All Work shall be performed hereunder shall be in accordance with the Quotation and subject to the timely delivery of files and materials to be furnished by Customer, completed in accordance with a production schedule which shall be submitted for Customer’s approval (upon mutual agreement the "Production Schedule").

3.2 Specifications and Production Schedule.
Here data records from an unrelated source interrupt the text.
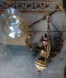 2 lampadari in ottone e vetro, misurano complessivamente 70 e 50 cm il primo 65 euro, il secondo 55 euro prezzi trattabili spedisco
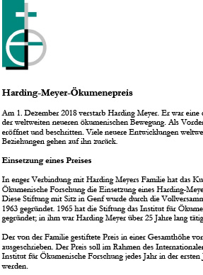 Ausschreibung: Harding-Meyer-Ökumenepreis
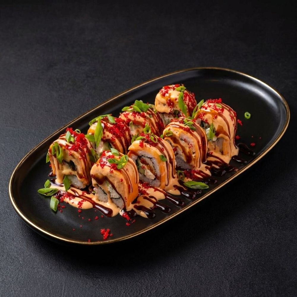 Рис, нори, сыр cremette, креветка, огурец, форель с/с (запекается), спайси соус, унаги соус, лук зеленый, масага.
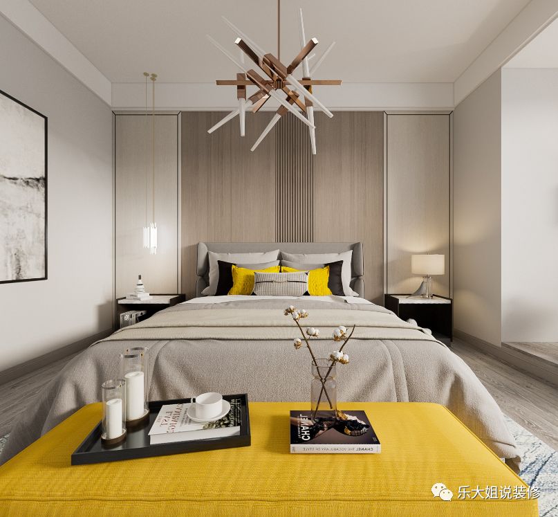 次卧室同样保持着整体的风格,灰色是主色调,搭配麻灰色的床品和姜黄色的抱枕床前凳,低调中透着明快。
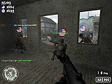 さて,シングルプレイを終わらせたら,お次はマルチプレイであろう。公称最大32人(もっと多いサーバーもあって不思議)まで参加できるマルチプレイには,前作CoDのマップをリメイクしたもの3枚を含め,専用マップ13枚が用意されている。ゲームタイプとしては,おなじみの「デスマッチ」「チームデスマッチ」「キャプチャー・ザ・フラッグ」のほかに,爆弾を仕掛ける側と,それを阻止する側に分かれて戦う「サーチ・アンド・デストロイ」,2か所の陣地を奪い合う「ヘッドクォーター」が用意されている。またチーム戦が多く,ボイスチャットに対応している。

If at any time the Customer desires to make changes in the Specifications set forth on the Quotation or in a Production Schedule, Continuum will review the requested change and Continuum will cooperate with Customer to develop a new production plan to reflect such requested changes, provided that, Continuum’s agreement shall be subject to schedule and staffing availability, and if any requested change results in a change in the production plan, a decrease in the efficiency of performing the Work, or will require additional staffing or other services or changes, Continuum will inform Customer of the price and any other applicable adjustment, including production schedule adjustments, slotting fees and charges for unused production time, in connection with putting the changes into effect. In addition, should such change result in Continuum's inability to use any materials on hand or ordered for Customer in the production of Customer's Work, Customer will pay Continuum reasonable charges associated with such materials and their disposition. Notwithstanding anything to the contrary herein, Continuum shall not be obligated to proceed with any requested change unless the Parties come to mutual, written agreement on any price and other adjustments.

3.3. Overtime.

Customer's delay in furnishing and/or returning promptly all copy, specifications, artwork, proofs or other material in accordance with the Production Schedule may result in an extension of scheduled delivery date and/or additional charges to Customer for accelerated production at Continuum's regular overtime rates. Continuum will use commercially reasonable efforts to make any necessary overtime available. No chargeable overtime will be worked without Customer's prior approval, and in the absence of such approval, delivery of the Work will be made as promptly as practicable consistent with Continuum's then available capacity, provided that Continuum shall have no obligation to deliver the Work if Continuum does not have available capacity.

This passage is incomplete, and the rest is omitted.